As shown in fig. 4, when the quantity more than or equal to 3 of branch pipe 132 is discharged in the outer of second flue gas, the utility model discloses can also carry out denitration treatment through a second denitrification facility 22 with the partial second flue gas that preheats I section 13 discharges branch pipe 132 outward respectively alone, the flue gas that partial second flue gas discharged branch pipe 132 outward collects the back and carries out denitration treatment through a second denitrification facility 22. As for which of the second flue gas external-discharge branch pipes 132 individually adopt one second denitration device 22, and which of the second flue gas external-discharge branch pipes 132 share one second denitration device 22, the adjustment can be made according to actual requirements, and is not limited to the structure shown in fig. 4.

Example four

When the second denitration method provided in the second embodiment is used for denitration treatment, there are various communication structures between the preheating I section 13 and the preheating II section 14, and the main exhaust fan 4, and this embodiment mainly describes the communication structure between the preheating I section 13 and the preheating II section 14, and the main exhaust fan 4.

Referring to fig. 5, since the closer to the preheating II section 14, the higher the temperature of the flue gas in the flue gas outside discharge branch pipe of the preheating I section 13, for this purpose, the flue gas outside discharge branch pipe of the preheating I section 13 is divided into a plurality of first flue gas outside discharge branch pipes 131 and at least one second flue gas outside discharge branch pipe 132, which are sequentially distributed, in the flow direction of the flue gas.

The rotary kiln chain grate further comprises a second smoke outer discharge main pipe 62 communicated with an air inlet of the first denitration device 21, smoke of the first smoke outer discharge branch pipe 131 is pumped to the smoke pipe 5 by the main exhaust fan 4, smoke in the second smoke outer discharge branch pipe 132 is pumped to the smoke pipe 5 by the main exhaust fan 4, or the smoke and smoke in the preheating II section 14 are collected in the second smoke outer discharge main pipe 62.

The embodiment will preheat the flue gas external discharge branch pipe that the flue gas temperature in the I section 13 is higher than preset temperature and be the second flue gas external discharge branch pipe 132, refer to fig. 5, and the external discharge branch pipe 131 of first flue gas is equipped with four, and the external discharge branch pipe 132 of second flue gas is equipped with one, nevertheless the utility model discloses the quantity of the external discharge branch pipe 131 of well first flue gas, the quantity of the external discharge branch pipe 132 of second flue gas and the external discharge branch pipe 131 of first flue gas and the external discharge branch pipe 132 quantity sum of second flue gas are not limited only to the quantity shown in fig. 5.

Each second branch flue gas discharging pipe 132 is provided with a first valve 71 and a temperature detecting unit for detecting the temperature of the flue gas therein, wherein the first valve 71 is used for adjusting the flue gas flow path in the corresponding second branch flue gas discharging pipe 132, and the first valve 71 in this embodiment is an adjusting valve capable of adjusting the opening degree.
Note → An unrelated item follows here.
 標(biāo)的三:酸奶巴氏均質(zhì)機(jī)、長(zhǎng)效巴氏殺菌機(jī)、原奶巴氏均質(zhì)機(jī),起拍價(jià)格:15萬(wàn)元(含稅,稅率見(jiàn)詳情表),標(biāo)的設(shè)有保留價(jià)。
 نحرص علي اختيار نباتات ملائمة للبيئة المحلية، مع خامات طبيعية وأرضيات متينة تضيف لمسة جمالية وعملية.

Of course, the utility model provides a first valve 71 can also be the ooff valve that only can realize opening or closing, and every second flue gas discharges the branch pipe 132 outward and corresponds two first valves 71 this moment, and every second flue gas discharges outward and sets up a first valve 71 between branch pipe 132 and the second flue gas outer discharge main pipe 62, sets up a first valve 71 between every second flue gas discharges outward branch pipe 132 and the main air exhauster 4. Referring to fig. 6, the first valve 71 of the present invention may also be a three-way valve. It can be understood that the arrangement of the first valve 71 and the temperature detecting unit on each second branch pipe 132 is only a preferred technical solution of the present invention, but the present invention is not limited to the arrangement of the first valve 71 and the temperature detecting unit on each second branch pipe 132, and it is also feasible to arrange the first valve 71 and the temperature detecting unit on only 1, 2 or more second branch pipes 132.
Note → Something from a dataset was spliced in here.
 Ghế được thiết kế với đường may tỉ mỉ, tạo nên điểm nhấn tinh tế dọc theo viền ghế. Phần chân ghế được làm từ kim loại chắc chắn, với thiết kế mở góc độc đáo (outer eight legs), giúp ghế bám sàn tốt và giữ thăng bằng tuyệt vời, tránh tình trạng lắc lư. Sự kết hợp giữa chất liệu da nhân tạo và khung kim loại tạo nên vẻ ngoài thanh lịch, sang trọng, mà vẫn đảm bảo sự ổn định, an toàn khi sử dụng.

By changing the working state of the first valve 71, the flue gas in the second flue gas external discharge branch pipe 132 is pumped to the flue pipe 5 by the main exhaust fan 4, or is collected with the flue gas in the preheating section II 14 in the second flue gas external discharge main pipe 62 and is subjected to denitration treatment by the first denitration device 21. Specifically, when the temperature of the flue gas in the second branch flue gas outside discharge pipe 132 is equal to or higher than a preset temperature, NO in the flue gas_XThe flue gas in the second flue gas discharging branch pipe 132 and the flue gas in the preheating section II 14 are collected in the second flue gas discharging main pipe 62, and then are sent to the first denitration device 21 by the heat recovery fan 3 to be subjected to denitration treatment, and the flue gas subjected to denitration treatment is sent to the air draft drying section 12 as a heat source. When the temperature of the flue gas in the second branch pipe 132 is lower than the preset temperature, NO in the flue gas_XThe content is lower and does not meet the temperature requirement of denitration treatment, and the flue gas in the second exhaust emission branch pipe is pumped to a flue pipe 5 by a main exhaust fan 4.

It can be understood, refer to fig. 7 and show, the utility model discloses can also collect the female pipe 63 of discharging outside the third flue gas with preheating the outer discharge branch pipe of two at least flue gases of I section 13, be equipped with the temperature detecting element (not shown in the figure) that is used for detecting flue gas temperature in it on the female pipe 63 of discharging outside the third flue gas, this temperature detecting element is temperature sensor, certainly can also be other temperature measurement structures that can worker measure the outer temperature of discharging in the female pipe 63 of third flue gas, no longer the example here. The third main flue gas external discharge pipe 63 is provided with a second valve 72, and the second valve 72 adjusts the flow path of the flue gas in the third main flue gas external discharge pipe 63, so that the flue gas in the third main flue gas external discharge pipe 63 is pumped to the flue pipe 5 by the main exhaust fan 4, or is conveyed to the first denitration device 21. At this time, only one temperature detection unit needs to be arranged on the third main flue gas exhaust main pipe 63, and then the operating state of the second valve 72 is adjusted, so that the flue gas in the third main flue gas exhaust main pipe 63 is pumped to the flue pipe 5 by the main exhaust fan 4, or the flue gas and the flue gas in the preheating section II 14 are collected in the second main flue gas exhaust main pipe 62 and subjected to denitration treatment by the first denitration device 21. The utility model provides a second valve 72 is the governing valve that can adjust the aperture, of course, also can only realize opening or the ooff valve that closes, and every third flue gas discharges female pipe 63 outward and corresponds two second valves 72 this moment, and the third flue gas discharges outward and sets up a second valve 72 between female pipe 62 with the outer discharge of second flue gas female pipe 63, sets up a second valve 72 between female pipe 63 of the outer discharge of third flue gas and main air exhauster 4. The second valve 72 of the present invention may also be a three-way valve, which will not be described in detail herein.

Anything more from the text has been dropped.